The very first step I will be taking in this project is naturally to identify and understand the structure of the cclib code. cclib is structured similarly to many other Python libraries and has classes that are relevant to each other residing in same directories.

In the first glance, cclib source code has five directories: cclib, data, doc, test, travis.

cclib directory

cclib directory contains all the main code that is relevant to actually performing the functionalities of cclib package. It has number of subdirectories as listed below.

  1. bridge provides useful bridging functions to other computational chemistry packages
  2. io takes care of file input and output (hence the I/O function)
  3. method has the computational methods that cclib is able to perform. Number of population analysis methods and other computational analysis methods, such as Mayer’s Bond Orders and Charge Decomposition Analysis reside here. I will discuss about the calculationmethod class and population class further in the later part of this post.
  4. parser contains functions that can read information from different quantum chemical packages, such as ORCA, Gamess, Gaussian, Molpro and so much more. These functions extract information from the outputs (which usually are in plain text form) of different quantum chemical packages and creates an instance of common structure defined for subsequent calculations in cclib. This streamlines how calculations are performed in cclib.
  5. progress allows presentation of calculation progress to the user. Text-based progress and QT-based visual progress is implemented here.
  6. script has Python scripts that allow easier execution in command line environment. It allows common calculations to be performed simply by invoking the scripts without actually writing a Python script on each individual’s own.

doc directory

doc has documentation for cclib. The documentation can be easily browsed here. It is written to work with Sphinx. I will need to read more about its format (as explained here) before I make changes to the documentation.

test, data, and travis directory

cclib has an extensive automated tests that are executed when any pull requests are made to the code base. test contains Python scripts that compare calculated values with other known values (often from different computational chemistry packages) and data contains the output files that are parsed for each test run. travis directory contains information needed for automated test runs on Travis.

Bickelhaupt Method

In this first week, I will be implementing Bickelhaupt method as a starting point. This method is chosen due to its similarity to the Mulliken method, which already exists in cclib code. As identified in the original article1 and unlike Mulliken method which divides the cross terms in the partial charge matrix equally, Bickelhaupt method divides the cross term based on the relative magnitude of the diagonal terms.
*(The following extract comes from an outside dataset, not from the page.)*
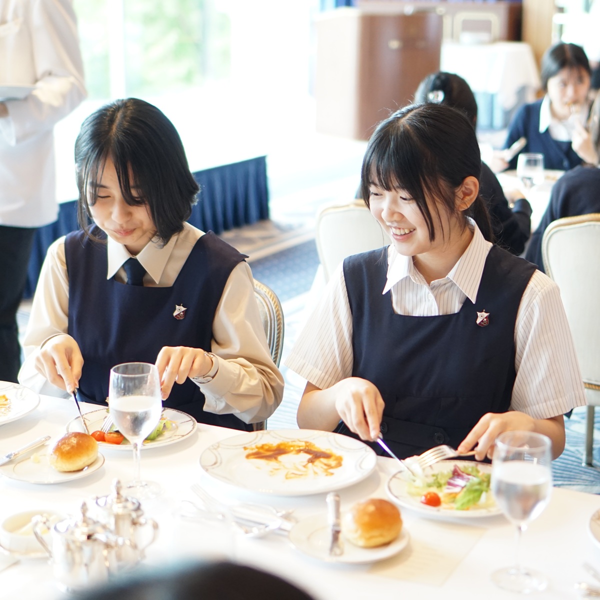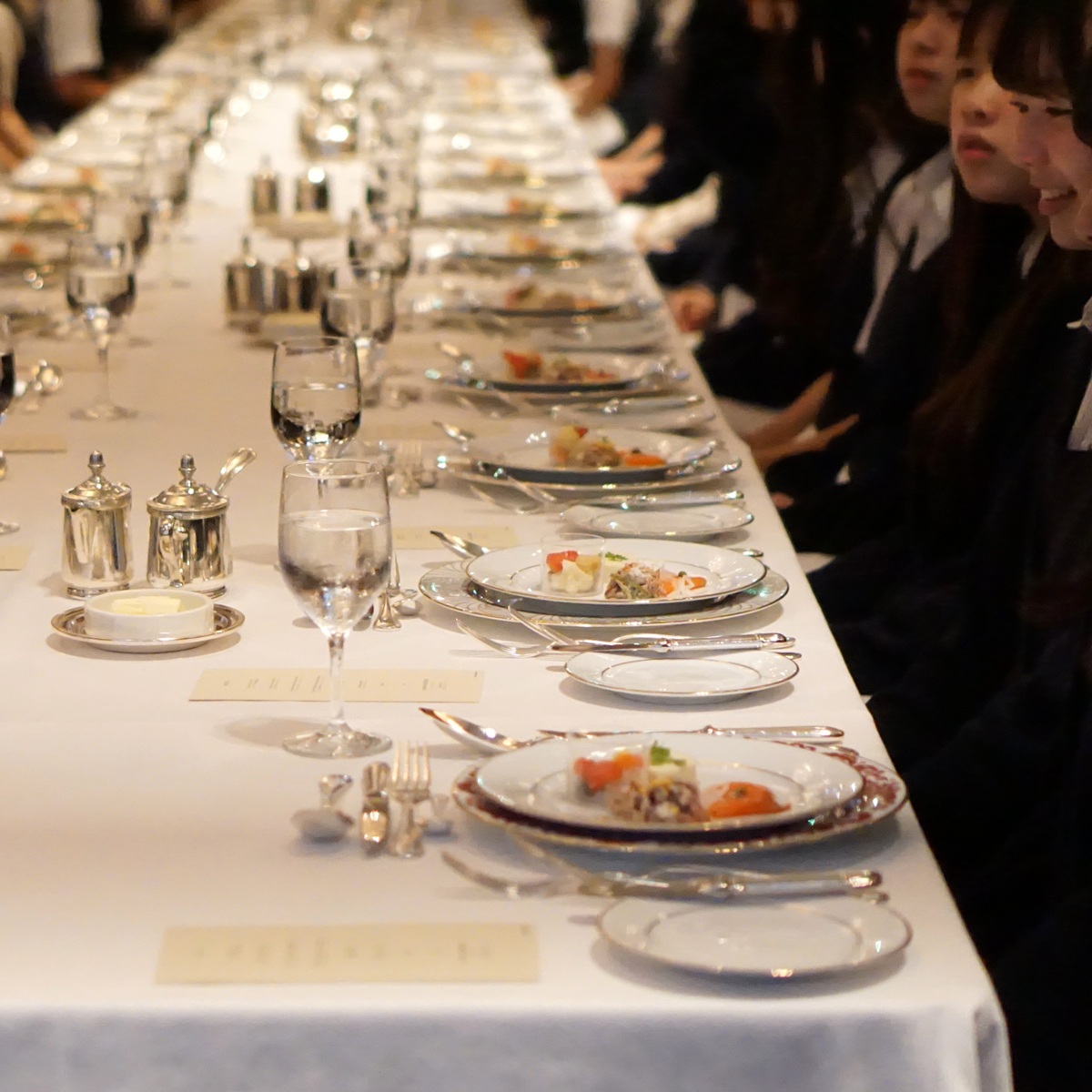 コース料理の流れやテーブルマナーの歴史などを教えてていただき、お料理を美味しくいただきました。

In cclib.cclib.method.mpa, the lines relevant to building the DS matrix (density matrix multiplied by overlap matrix). This is identified from cclib.cclib.method.mpa:68-77 where

temp = numpy.dot(ci, self.data.aooverlaps) # second argument may be fooverlaps for unrestricted calculations
self.aoresults[spin][i] = numpy.multiply(ci, temp).astype("d")

calculates Ci × Ci • S a .

This matrix is then further processed by being passed to a function in parent class (population) called partition. The partition function then identifies and matches each orbital to constituent atoms. This transforms the matrix into a form with each atom consisting each columns (as shown in results[spin][:, i] = numpy.add(results[spin][:, i], temp in cclib.cclib.method.population:98. Finally, each element in the matrix is summed up into the fragcharges attribute in the given instance of MPA.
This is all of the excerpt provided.